Detailed Notes on Hashing and Hash Tables

Previous discussion focused on binary search trees as an efficient way to implement sets/maps.
Hashing provides another efficient approach which can outperform search trees.

When implementing collections, order can be determined by:
- Addition/Removal Order: Used in stacks, queues, and lists.
- Value Comparison: Used in ordered lists and search trees.
Hashing determines the location of an item via a hash function, storing elements in a hash table.
Cells/Buckets: The locations in the hash table where elements are stored.
Operations using hashing are expected to be O(1) due to direct computation of locations.

A simple example uses the first letter of names to map them to an index.
Key Concepts:
- Hash Table: Storage structure that uses a hashing function to determine the position of entries.
- Collision: Occurs when two keys map to the same location in a hash table.
- Perfect Hashing Function: A function that maps every key to a unique location in the table.

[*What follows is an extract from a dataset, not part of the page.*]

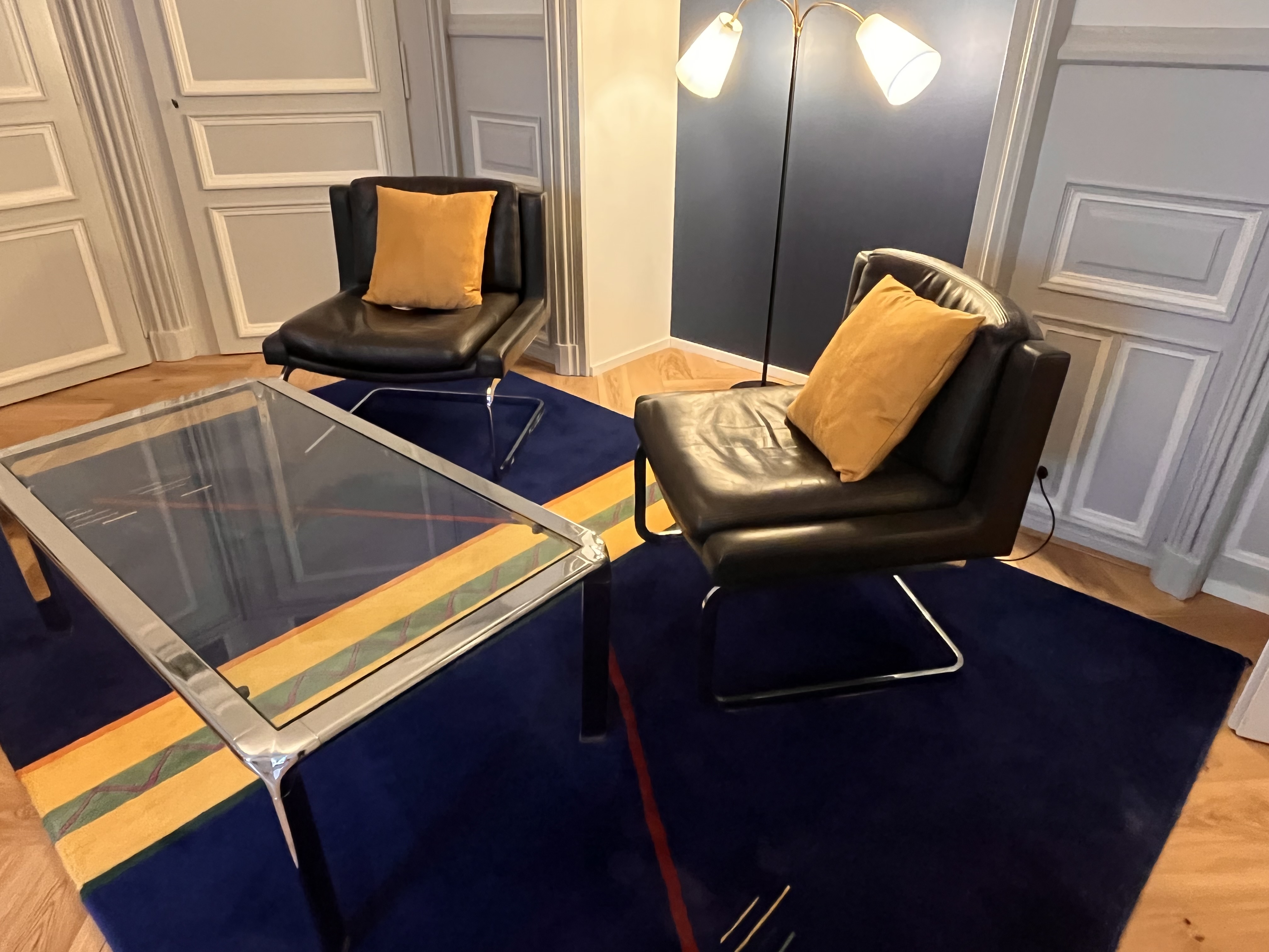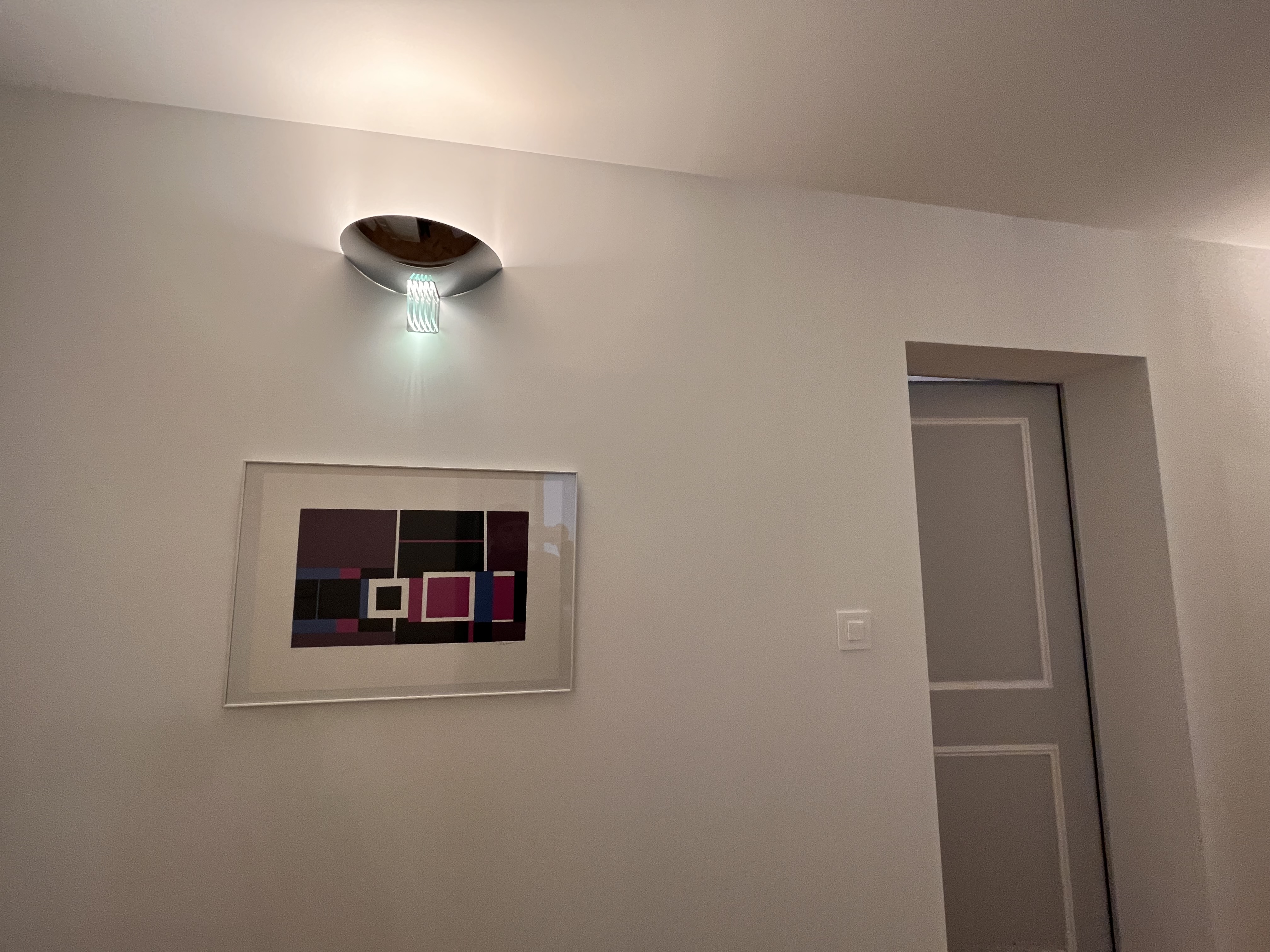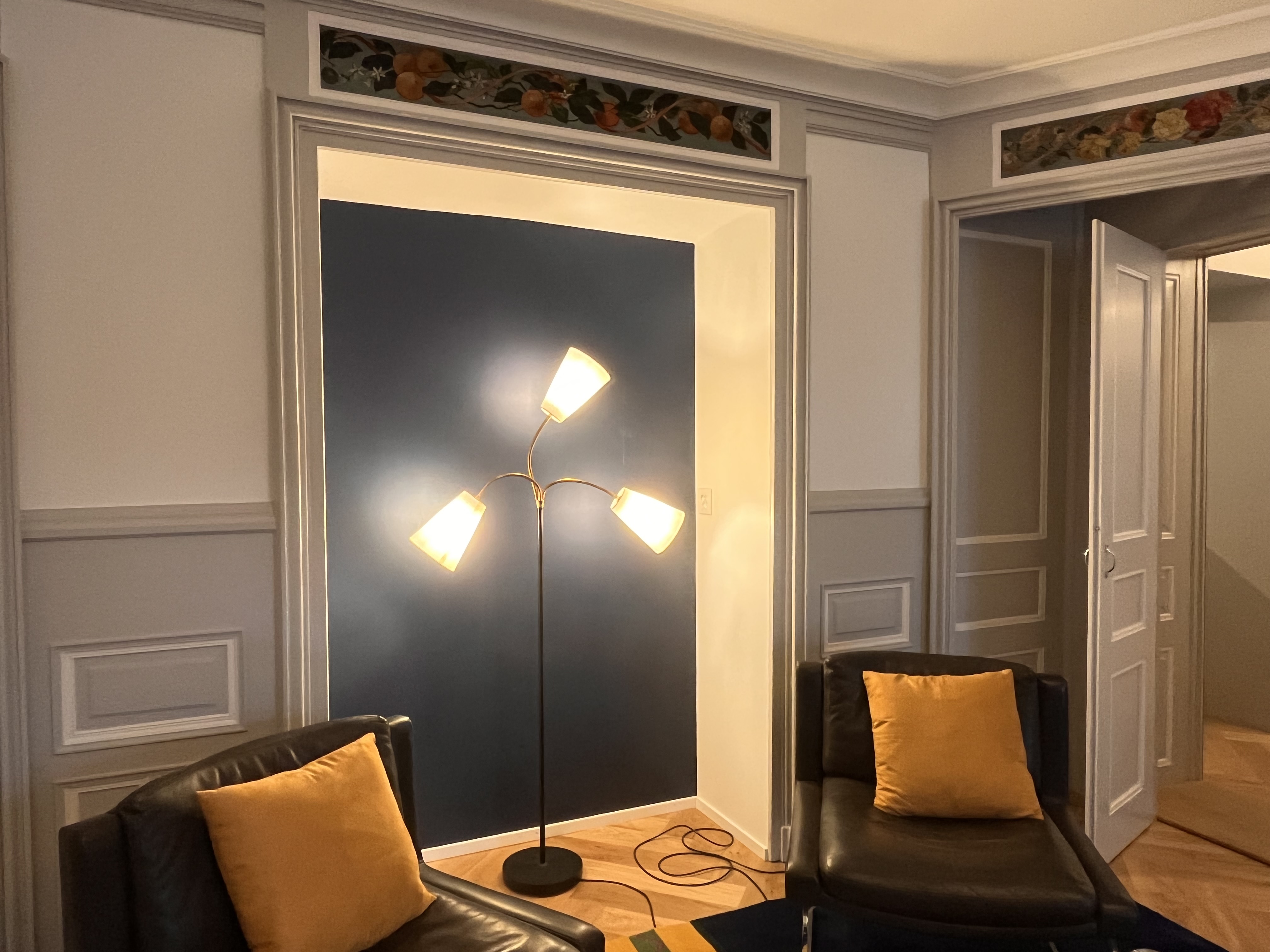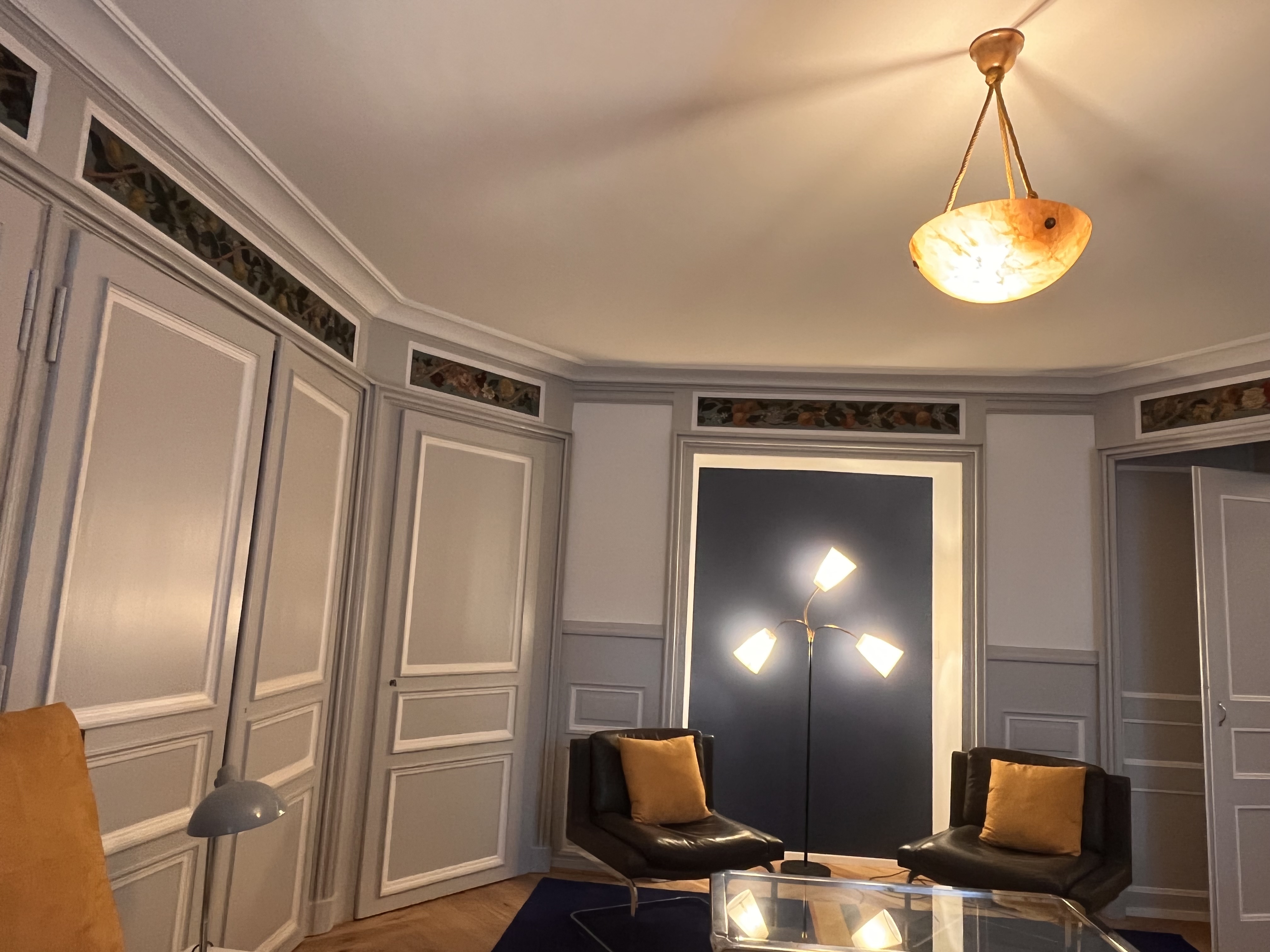 Ses grandes armoires murales ainsi que ses boiseries décoratives lui confèrent un aspect chaleureux et authentique.

Table size decisions depend on data set size:
- Use the same size as the data set if perfect hashing is possible.
- If not perfect but data size is known, a common approach is to set the table to 150% of the data size.
- If data size is unknown, dynamic resizing is utilized by creating a larger table and rehashing existing elements.

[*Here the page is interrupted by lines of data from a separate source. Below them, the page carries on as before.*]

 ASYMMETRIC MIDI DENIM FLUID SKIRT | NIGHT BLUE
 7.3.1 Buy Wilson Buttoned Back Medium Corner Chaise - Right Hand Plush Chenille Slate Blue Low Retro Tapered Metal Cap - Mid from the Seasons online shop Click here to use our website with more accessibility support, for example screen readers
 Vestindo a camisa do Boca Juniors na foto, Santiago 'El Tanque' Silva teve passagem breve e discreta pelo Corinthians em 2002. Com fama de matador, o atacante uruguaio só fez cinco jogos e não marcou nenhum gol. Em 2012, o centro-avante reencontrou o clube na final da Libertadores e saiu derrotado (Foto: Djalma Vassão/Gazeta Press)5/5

Not all hashing functions need to be perfect; a good function results in O(1) access.
Some common methods to create a hashing function:
- Extraction: Uses part of a value (e.g., the first letter of a string).
- Division Method: Uses the remainder of the key divided by a number p to get an index.
- Defined as: $Hashcode(key) = Math.abs(key) \bmod p$
- Using prime numbers for p generally leads to better key distribution.
- Folding Method: Combines parts of the key to form an index.
- Mid-Square Method: Squares the key and extracts middle digits for the index.
- Radix Transformation Method: Converts key to another numeric base and applies the division method.
- Digit Analysis Method: Uses specific digits from a key to form the index, allowing manipulation techniques (like reversal).
- Length-Dependent Method: Combines key length and value for indexing.

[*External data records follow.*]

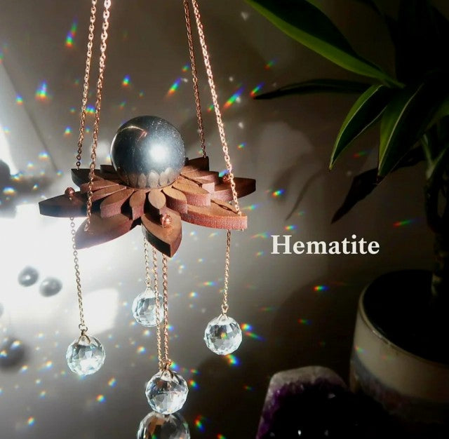 New 2024 Lotus Rainbow Crystal Suncatcher w/ Hematite Quartz 21mm Sphere
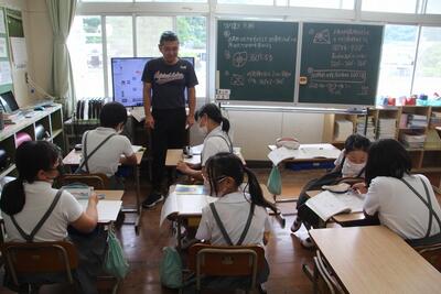 この日は、ALTのA先生との最後の授業でした。そこで、感謝の言葉を英語で一人一人伝えました。難しい英語については先生がサポートしました。”Thank you so much.” など臆することなく伝える5年生の姿に、これまでの学習の積み重ねを感じました。
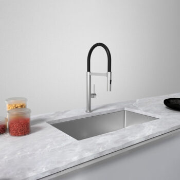 – Thân vòi Silicone linh động có thể kéo dài lên đến 50cm, di chuyển đến mọi góc của chậu rửa
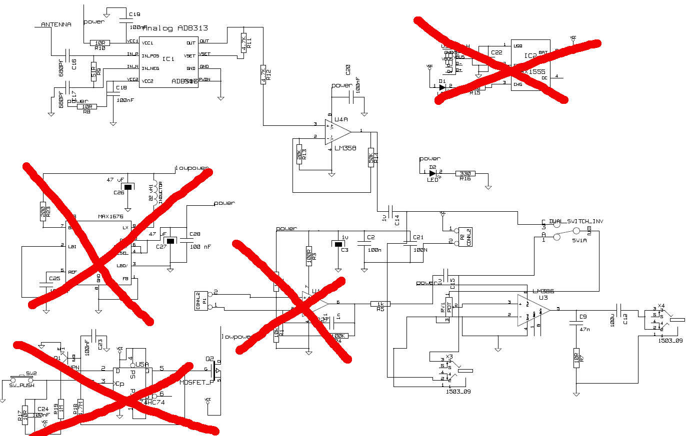 | omschrijving: Schema van een VHF/UHF EMI-sniffer met de AD8313 |

Deletion handling depends on the collision resolution method:
- Chaining: Direct removal from lists at each table cell.
- Open Addressing: Marking elements as deleted rather than physically removing them to preserve search capability.

Hashing stores elements in a hash table determined by a hashing function.
Collisions occur when keys map to the same location.
Effective hashing functions ensure efficient distribution and recovery from collisions.
Java provides several implementations of hash tables in its Collections API, which are important for practical applications.